• [Task goal]
For the records below, output word for word the lines from the one with "Terrain familial locatif" up to and including the one with "6. Карта района". No pictures.

• [Data to examine]

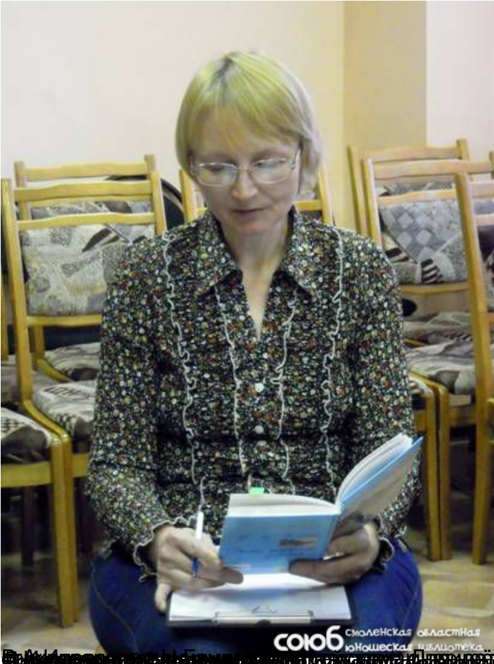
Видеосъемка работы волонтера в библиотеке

---

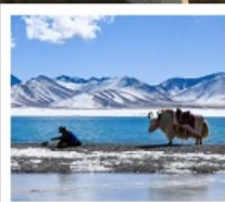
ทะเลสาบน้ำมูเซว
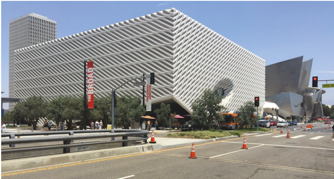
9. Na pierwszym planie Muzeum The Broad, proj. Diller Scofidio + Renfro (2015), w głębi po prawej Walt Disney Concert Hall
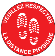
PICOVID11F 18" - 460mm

* * *

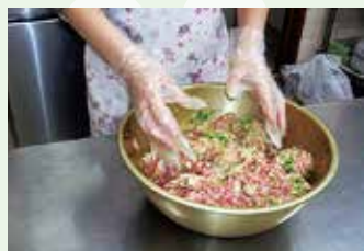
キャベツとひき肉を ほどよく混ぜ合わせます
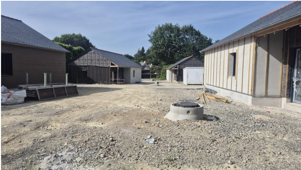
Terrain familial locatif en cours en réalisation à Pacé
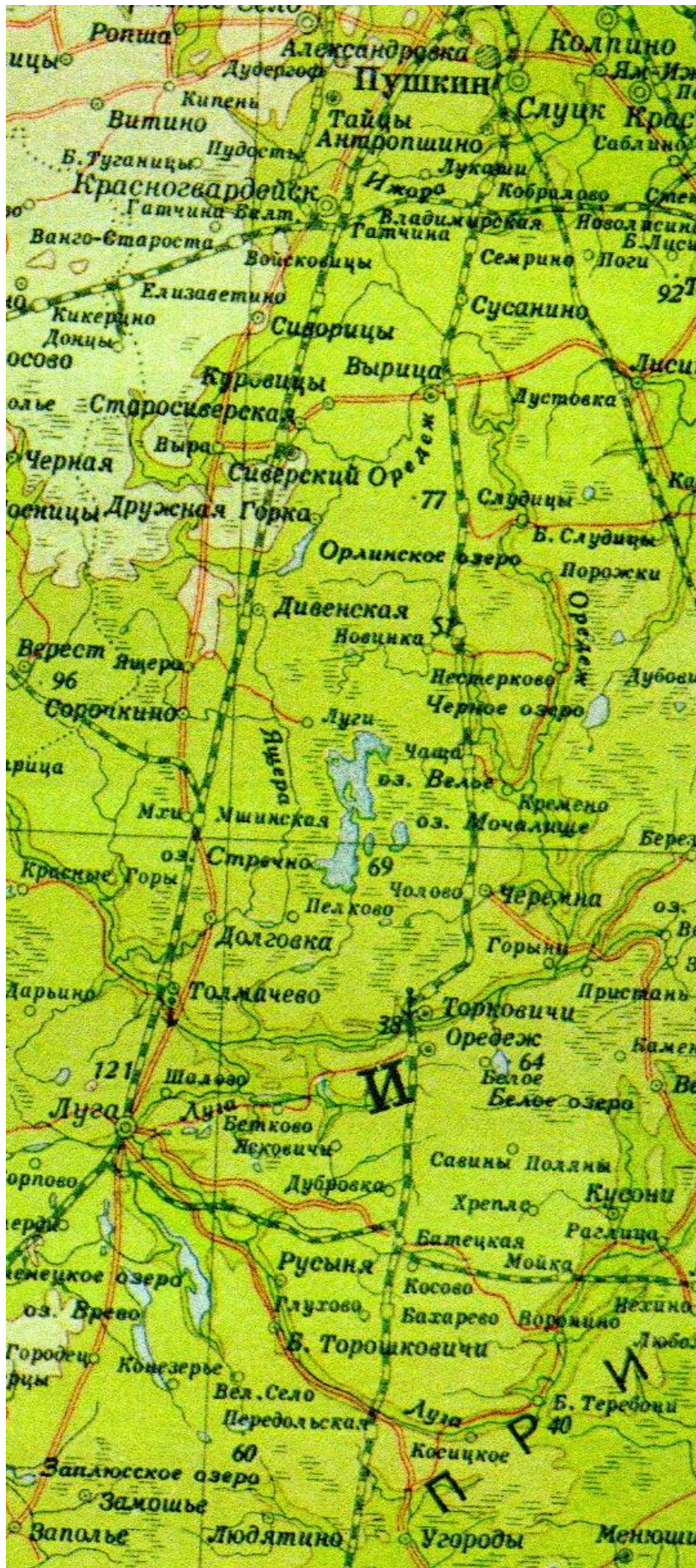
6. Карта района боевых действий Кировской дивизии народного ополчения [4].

• [Result]
Terrain familial locatif en cours en réalisation à Pacé
6. Карта района боевых действий Кировской дивизии народного ополчения [4].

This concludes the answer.